Radiant Capital заявила, что в октябре взлом ее платформы децентрализованного финансирования (DeFi) на сумму 50 миллионов долларов был осуществлен с помощью вредоносного ПО, отправленного через Telegram хакером, связанным с Северной Кореей, выдававшим себя за бывшего подрядчика.
В сообщении от 6 декабря о продолжающемся расследовании компания Radiant заявила, что ее контрактная фирма по кибербезопасности Mandiant «с высокой степенью уверенности оценила, что эта атака связана с угрозой, связанной с Корейской Народно-Демократической Республикой (КНДР)».
Платформа сообщила, что 11 сентября разработчик Radiant получил сообщение в Telegram с zip-файлом от «доверенного бывшего подрядчика» с просьбой оставить отзыв о новом начинании, которое они планировали.
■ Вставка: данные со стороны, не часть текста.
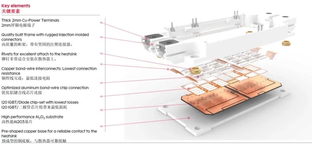 单纯的将IGBT芯片从模块中取出用碳化硅芯片替代,不足以让碳化硅芯片性能完全发挥。因此,同行企业都在开发单面水冷或双面水冷技术。K8凯发官网网址现在所做的,是希望在行业有所突破。比如目前公司的ED-Type模块里芯片,采用了全新的直列式芯片排列方法,使芯片均流性有了很大提高。即将推出的ST模块虽然在外观形式上跟现在市场主流的62mm模块一样,但其热阻、杂散电感、损耗方面却比同类产品提高25%-40%,模块内部设计了许多大的改变。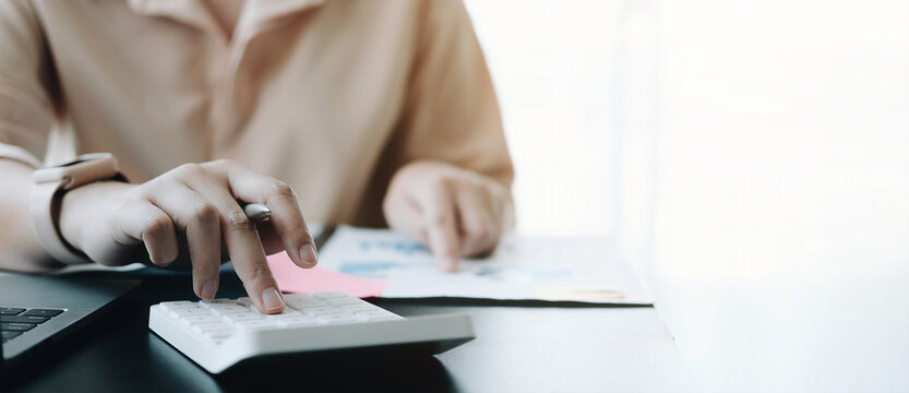Close up of businesswomen or accountant using calculator calculate while working analytic business report on the workplace, Planning financial and accounting concept.

«После проверки можно предположить, что это сообщение исходило от связанного с КНДР злоумышленника, выдававшего себя за бывшего подрядчика», — говорится в сообщении. «Этот ZIP-файл, переданный другим разработчикам для обратной связи, в конечном итоге доставил вредоносное ПО, которое облегчило последующее вторжение».
16 октября платформа DeFi была вынуждена остановить работу своих рынков кредитования после того, как хакер получил контроль над закрытыми ключами и смарт-контрактами нескольких подписантов.12 ноября северокорейские хакерские группы были пойманы на преследовании пользователей macOS с помощью новой вредоносной кампании с использованием фишинговых писем, поддельных PDF-приложений и техники обхода проверок безопасности Apple. В октябре северокорейские хакеры также были пойманы на использовании уязвимости в Google Chrome. для кражи учетных данных криптовалютного кошелька.
В Radiant заявили, что файл не вызвал никаких других подозрений, поскольку «запросы на просмотр PDF-файлов являются обычным делом в профессиональных условиях», а разработчики «часто делятся документами в этом формате».
Домен, связанный с ZIP-файлом, также подделывал законный веб-сайт подрядчика.
Во время атаки были скомпрометированы несколько устройств разработчиков Radiant, а внешние интерфейсы отображали безопасные данные транзакций, в то время как вредоносные транзакции подписывались в фоновом режиме.
«Традиционные проверки и моделирование не выявили очевидных несоответствий, что сделало угрозу практически невидимой на обычных этапах проверки», — добавили в нем.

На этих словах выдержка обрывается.